The jury is still out on this one. Occasional coffee drinking may actually decrease insulin sensitivity, but drinking coffee or other high caffeine foods or beverages on a regular basis does not appear to have any detrimental effects on people with diabetes in the long run. Coffee (regular and decaffeinated) contains lots of antioxidants and magnesium which may improve insulin sensitivity. Our take-home message as ever is moderation. Here are the findings of a couple of studies.
A small study reported in February 2008 Diabetes Care however suggests that daily consumption of caffeine in coffee, tea or soft drinks can increase blood glucose levels for people with type 2 diabetes. Dr James Lane of Duke University tracked 10 people with established type 2 diabetes who drank at least two cups of coffee every day and were trying to manage their diabetes through diet, exercise and oral medications, but not extra insulin. Each had a tiny glucose monitor embedded under their abdominal skin that continuously monitored their glucose levels over a 72-hour period. The participants took capsules containing caffeine equal to about four cups of coffee on one day and then identical capsules that contained a placebo on another day. Everyone had the same nutrition drink for breakfast, but were free to eat whatever they liked for lunch and dinner. The researchers found that when the participants consumed caffeine, their average daily sugar levels went up 8%. Caffeine also exaggerated the rise in glucose after meals: increasing by 9% after breakfast, 15% after lunch and 26% after dinner. Cathy Moulton, care advisor at Diabetes UK, said: ‘Although this is interesting research, the study only examines a sample of 10 people taking pure caffeine capsules (not real coffee) for a 72-hour period, which proves very little. More research is needed before we ask people with diabetes to stop drinking coffee. The best way to control glucose levels is through healthy eating and exercise.’

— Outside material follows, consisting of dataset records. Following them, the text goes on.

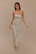 Claudette Strapless Satin Maxi Dress - Polka Dot Print
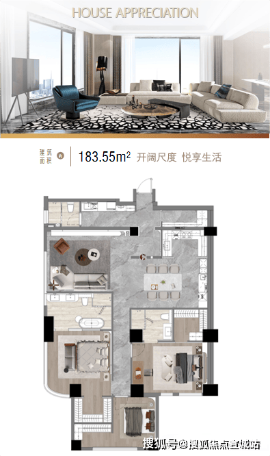 户型:有 183㎡三房两厅两卫和 272㎡四房两厅三卫等户型。183㎡户型三开间朝南,主卧套房带独立衣帽间与全明卫浴;272㎡户型南北通透双套房设计,赠送南北双阳台约 15㎡。
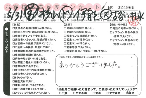 引越一番でお引越しをしていただいたお客様のうち、コメントいただいたアンケートを全て掲載しています。
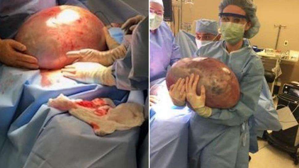 Los médicos le informaron de que la masa probablemente era benigna, pero aún no estaban seguros de qué se trataba. Resultó ser un quiste de 50 libras en su ovario.
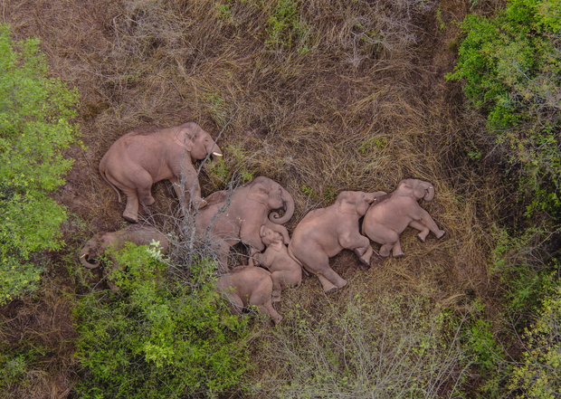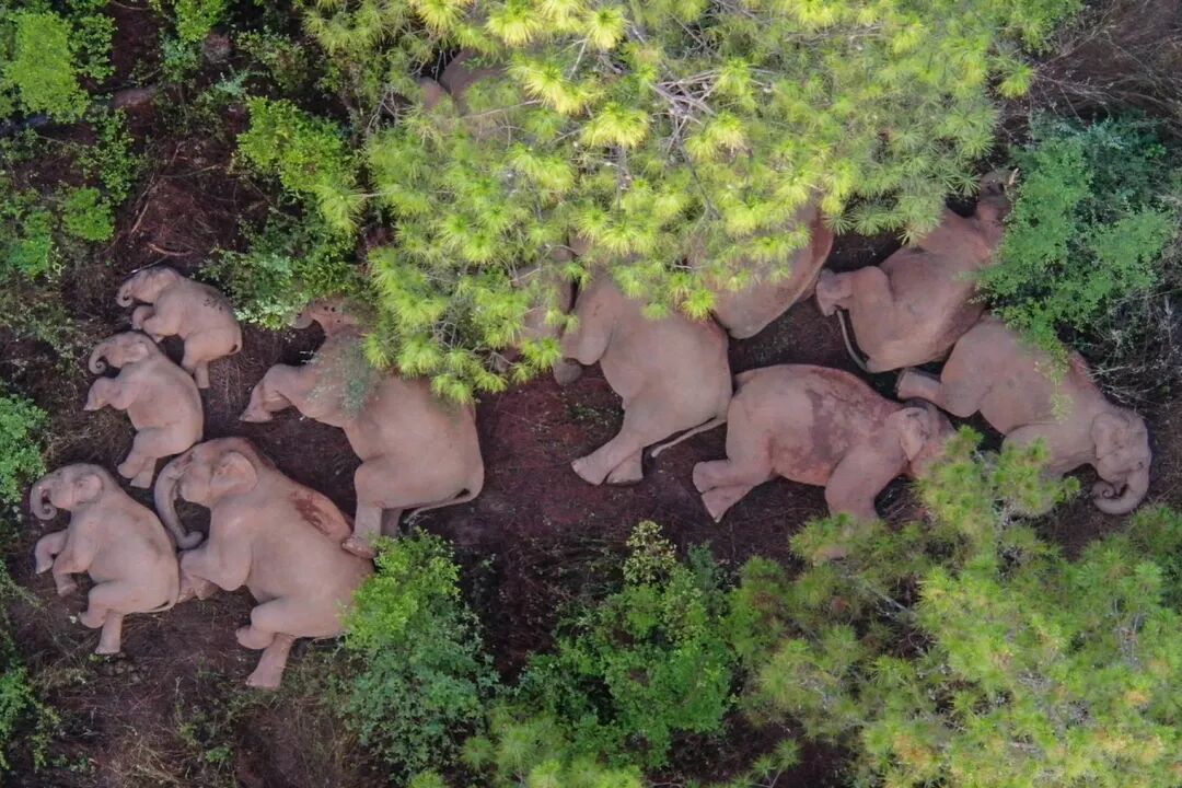 (象群在云南省玉溪市易门县十街乡休息 新华社 图)
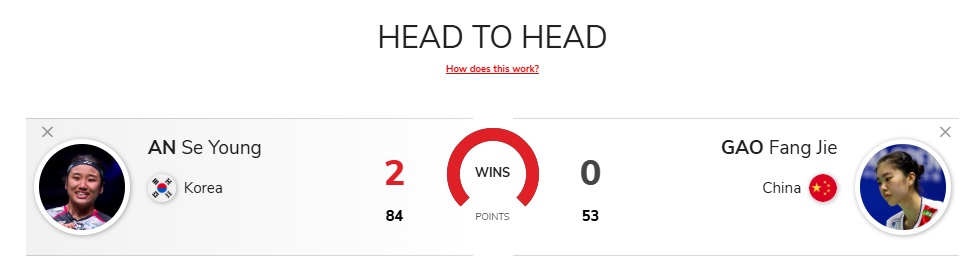 지난 8강전에서는 일본의 미야자키 도모카를 21-6, 21-9로 완파하며 결승까지 단 한 걸음만 남겨두었습니다.
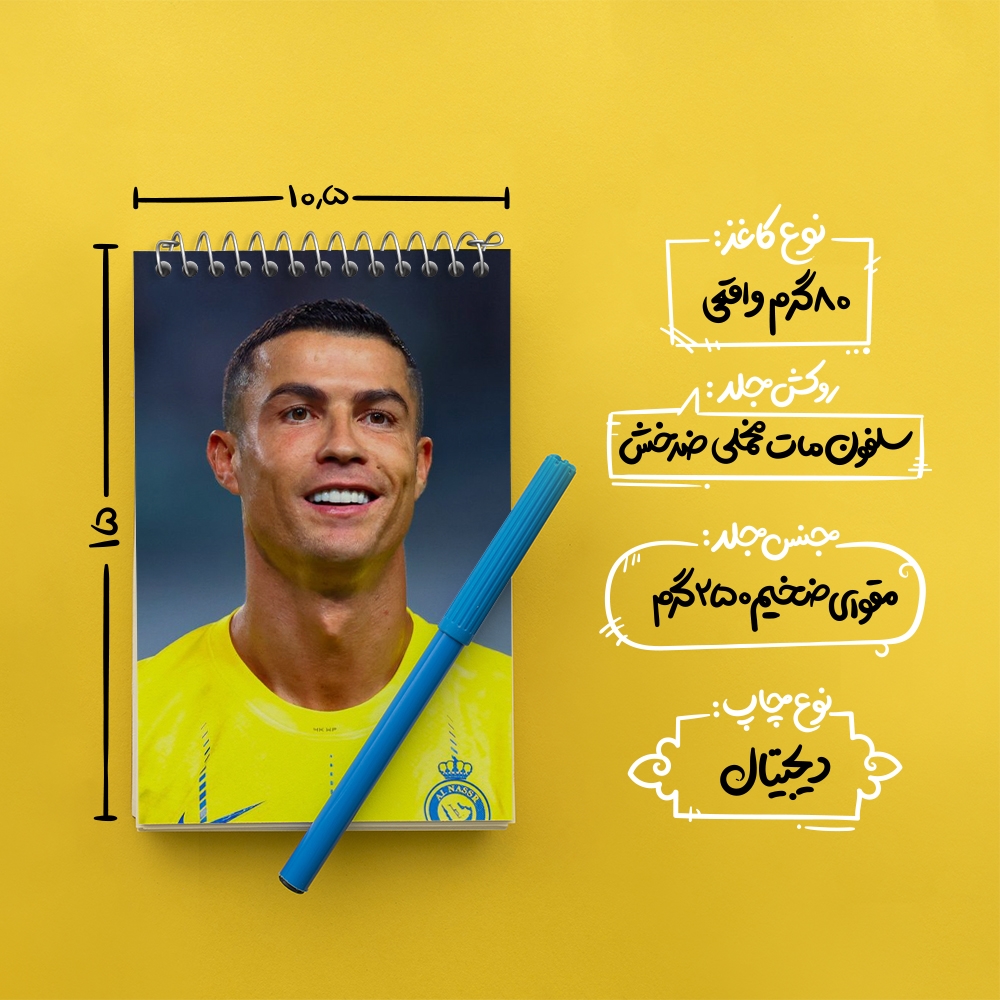 برند خندالو در زمینه تولید انواع دفاتر فانتزی و تحصیلی فعالیت میکند که به دلیل جذابیت ظاهری و طرح های متنوع طرفداران زیادی دارد. دفتر یادداشت خندالو طرح کریستیانو رونالدو محصولی مناسب برای همه عاشقان لوازم التحریر است و همچنین همه کسانی که بنا به موقعیت تحصیل یا شغلشان با دفتر و نوشت افزار زیاد سر و کار دارند. در تولید دفتر یادداشت خندالو طرح کریستیانو رونالدو از نوع صحافی فنر مارپیچ استفاده شده که در این نوع صحافی برگه‌ها به راحتی چرخیده و یا بیرون آورده می شوند.

A study of the dietary habits of more than 125,000 people in the US over 20 years (Annals of Internal Medicine January 2004) found that men who drank more than six cups of caffeinated coffee a day reduced their chances of getting type 2 diabetes by more than 50% compared with men in the study who didn’t drink coffee. Among the women, those who drank six or more cups a day reduced their risk of type 2 diabetes by nearly 30%. These effects could not be accounted for by lifestyle factors such as smoking, exercise or obesity. Decaffeinated coffee was also beneficial, but it had less effect than regular coffee. The researchers noted that caffeine, the best-known ingredient in regular coffee, is known to raise blood sugar and increase energy expenditure in the short term, but its long-term effects are not well understood. Coffee (both regular and decaffeinated) has lots of antioxidants like chlorogenic acid (one of the compounds responsible for the coffee flavor) and magnesium. These ingredients can actually improve sensitivity to insulin and may contribute to lowering risk of type 2 diabetes.